[[ Material for this task open ]]
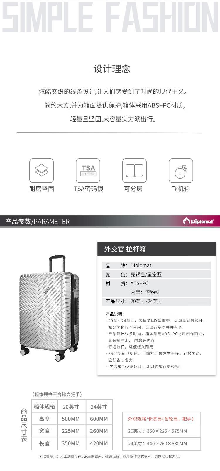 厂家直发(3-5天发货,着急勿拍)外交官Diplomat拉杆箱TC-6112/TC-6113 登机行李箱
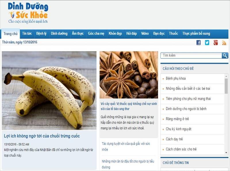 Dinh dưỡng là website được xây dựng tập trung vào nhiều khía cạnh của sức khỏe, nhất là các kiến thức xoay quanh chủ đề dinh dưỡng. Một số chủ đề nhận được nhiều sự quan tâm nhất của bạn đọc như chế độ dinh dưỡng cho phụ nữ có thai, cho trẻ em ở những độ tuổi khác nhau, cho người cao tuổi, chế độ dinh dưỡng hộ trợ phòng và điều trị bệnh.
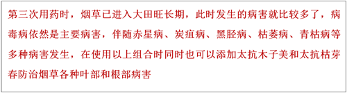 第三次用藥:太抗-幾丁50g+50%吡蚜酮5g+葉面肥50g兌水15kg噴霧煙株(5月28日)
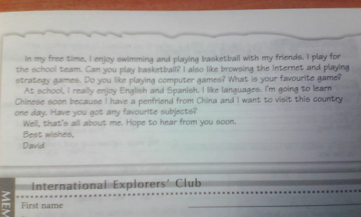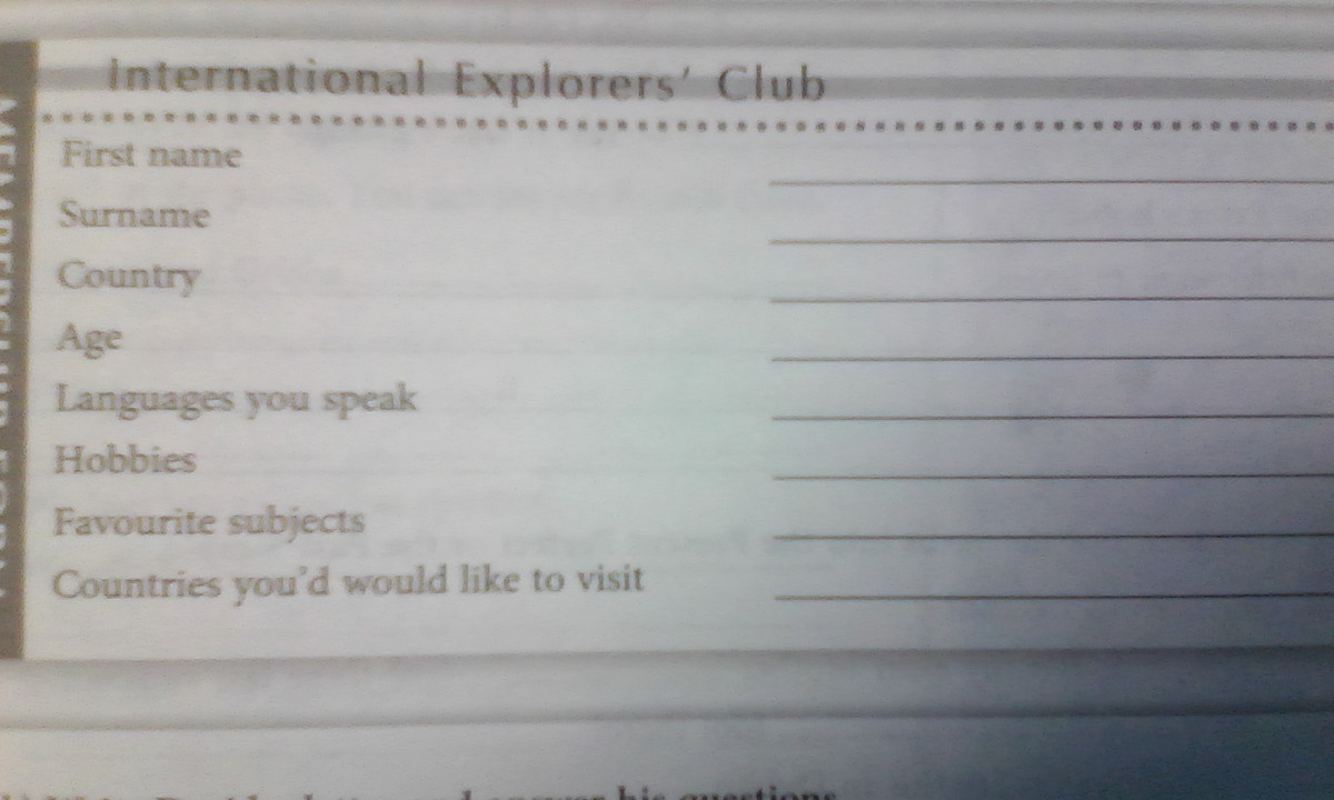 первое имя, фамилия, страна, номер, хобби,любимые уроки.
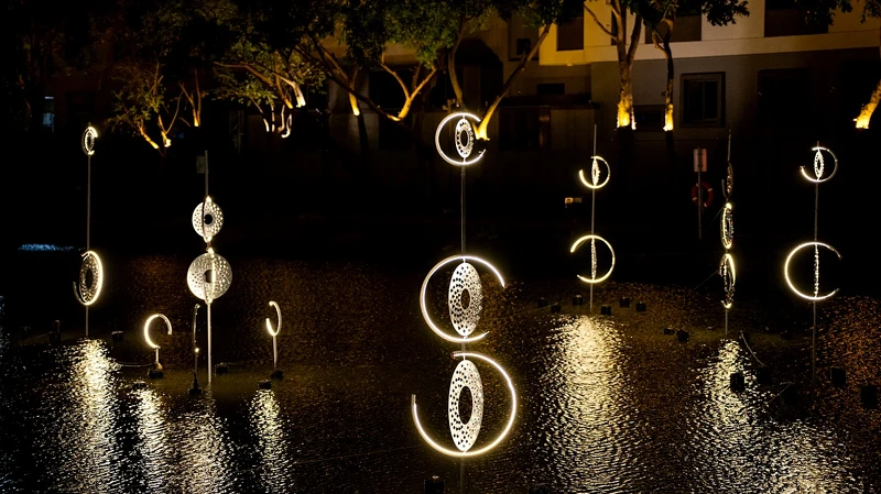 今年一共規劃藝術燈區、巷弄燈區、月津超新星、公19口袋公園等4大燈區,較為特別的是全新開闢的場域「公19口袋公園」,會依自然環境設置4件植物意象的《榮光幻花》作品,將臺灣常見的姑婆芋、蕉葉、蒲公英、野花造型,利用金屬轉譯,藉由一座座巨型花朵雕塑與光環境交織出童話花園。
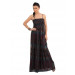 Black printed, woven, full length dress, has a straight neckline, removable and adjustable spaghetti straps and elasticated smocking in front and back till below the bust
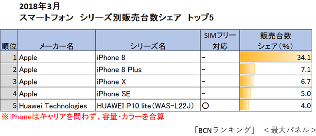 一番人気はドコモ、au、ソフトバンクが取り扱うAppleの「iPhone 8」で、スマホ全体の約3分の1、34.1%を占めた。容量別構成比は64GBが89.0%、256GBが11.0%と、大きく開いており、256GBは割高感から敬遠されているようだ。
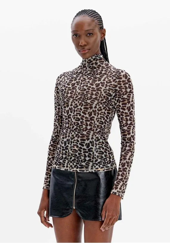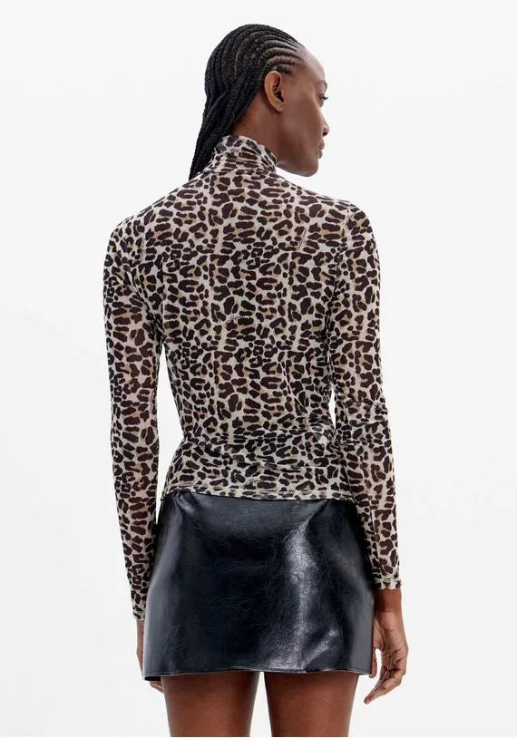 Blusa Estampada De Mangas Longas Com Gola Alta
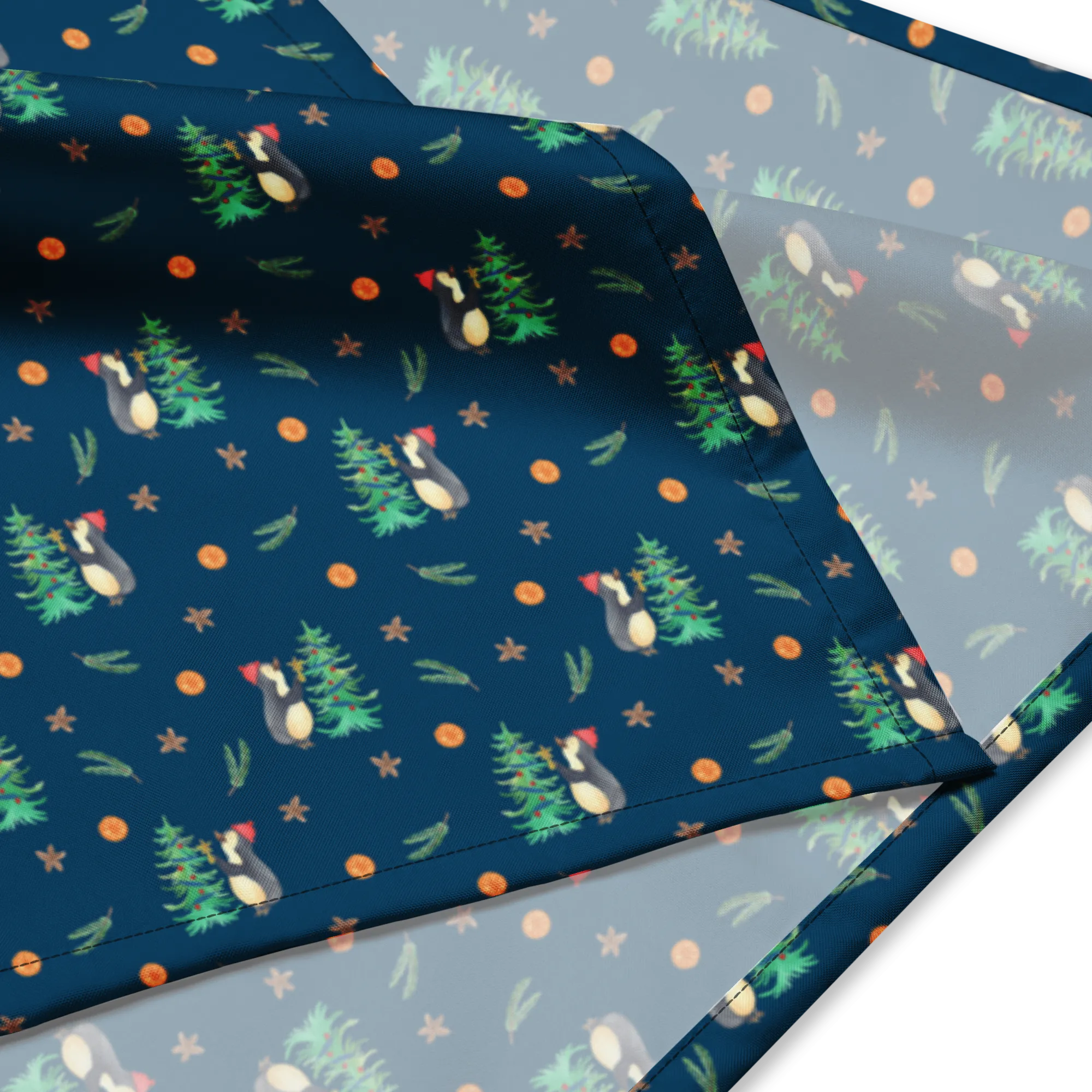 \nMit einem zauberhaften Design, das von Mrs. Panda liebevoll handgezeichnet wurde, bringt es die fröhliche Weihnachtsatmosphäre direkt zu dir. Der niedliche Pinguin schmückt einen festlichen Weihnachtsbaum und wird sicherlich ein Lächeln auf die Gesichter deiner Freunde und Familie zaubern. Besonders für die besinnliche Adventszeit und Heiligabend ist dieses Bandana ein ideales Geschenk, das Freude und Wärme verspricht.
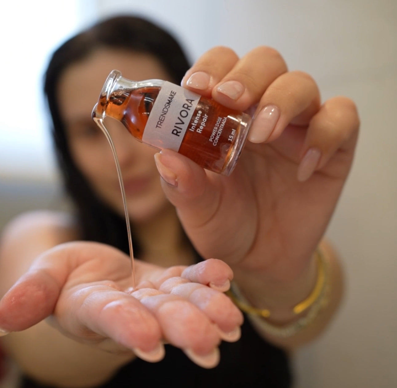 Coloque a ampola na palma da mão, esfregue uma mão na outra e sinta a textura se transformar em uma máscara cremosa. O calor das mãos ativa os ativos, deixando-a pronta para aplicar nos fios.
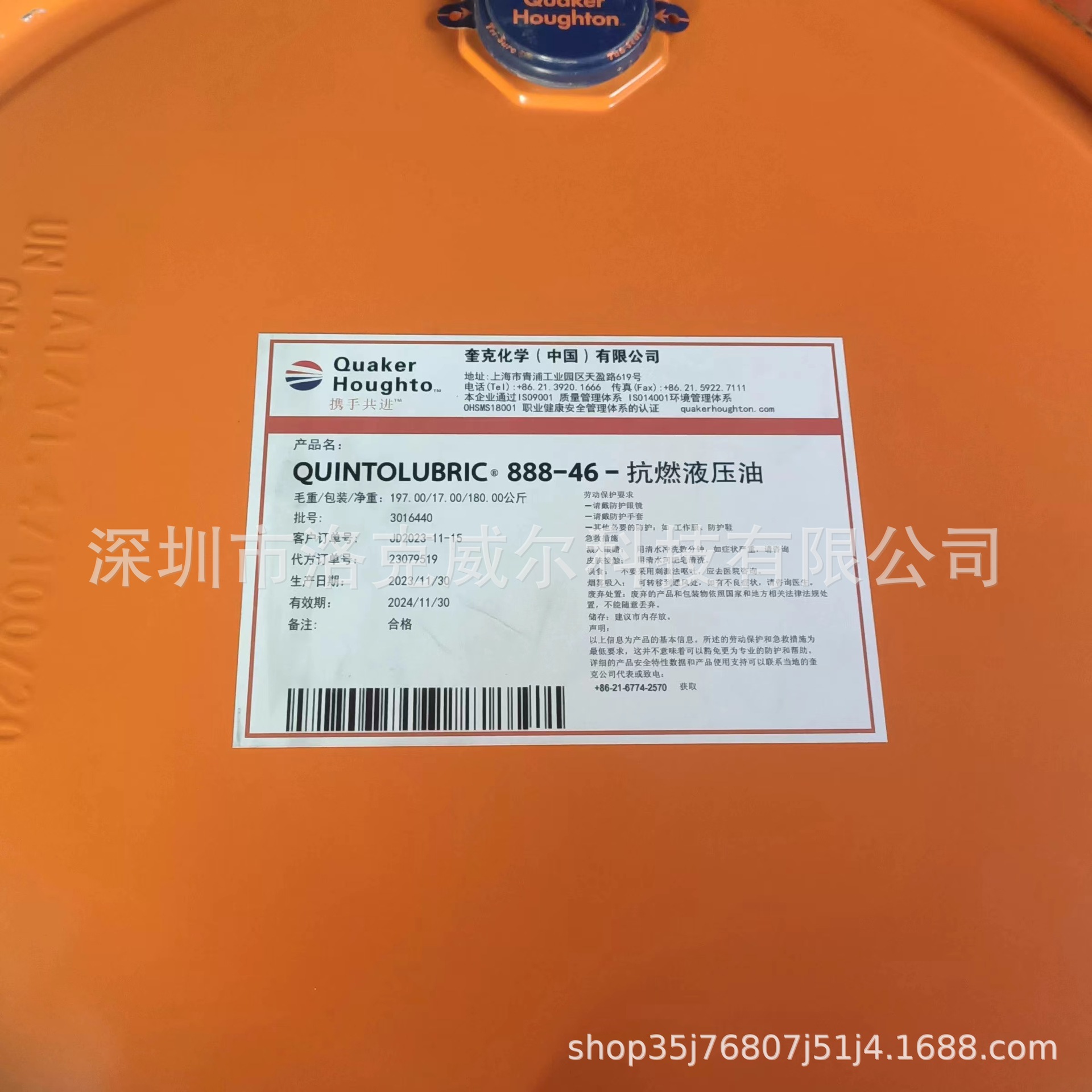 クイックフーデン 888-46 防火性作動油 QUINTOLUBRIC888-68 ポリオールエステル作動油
[[ Material for this task closed ]]
**Your task**
Extract, word for word, every line from the one holding "Coloque a ampola" through the closing line of the data above. Do not include any pictures.

**Output for this task**
 Coloque a ampola na palma da mão, esfregue uma mão na outra e sinta a textura se transformar em uma máscara cremosa. O calor das mãos ativa os ativos, deixando-a pronta para aplicar nos fios.
 クイックフーデン 888-46 防火性作動油 QUINTOLUBRIC888-68 ポリオールエステル作動油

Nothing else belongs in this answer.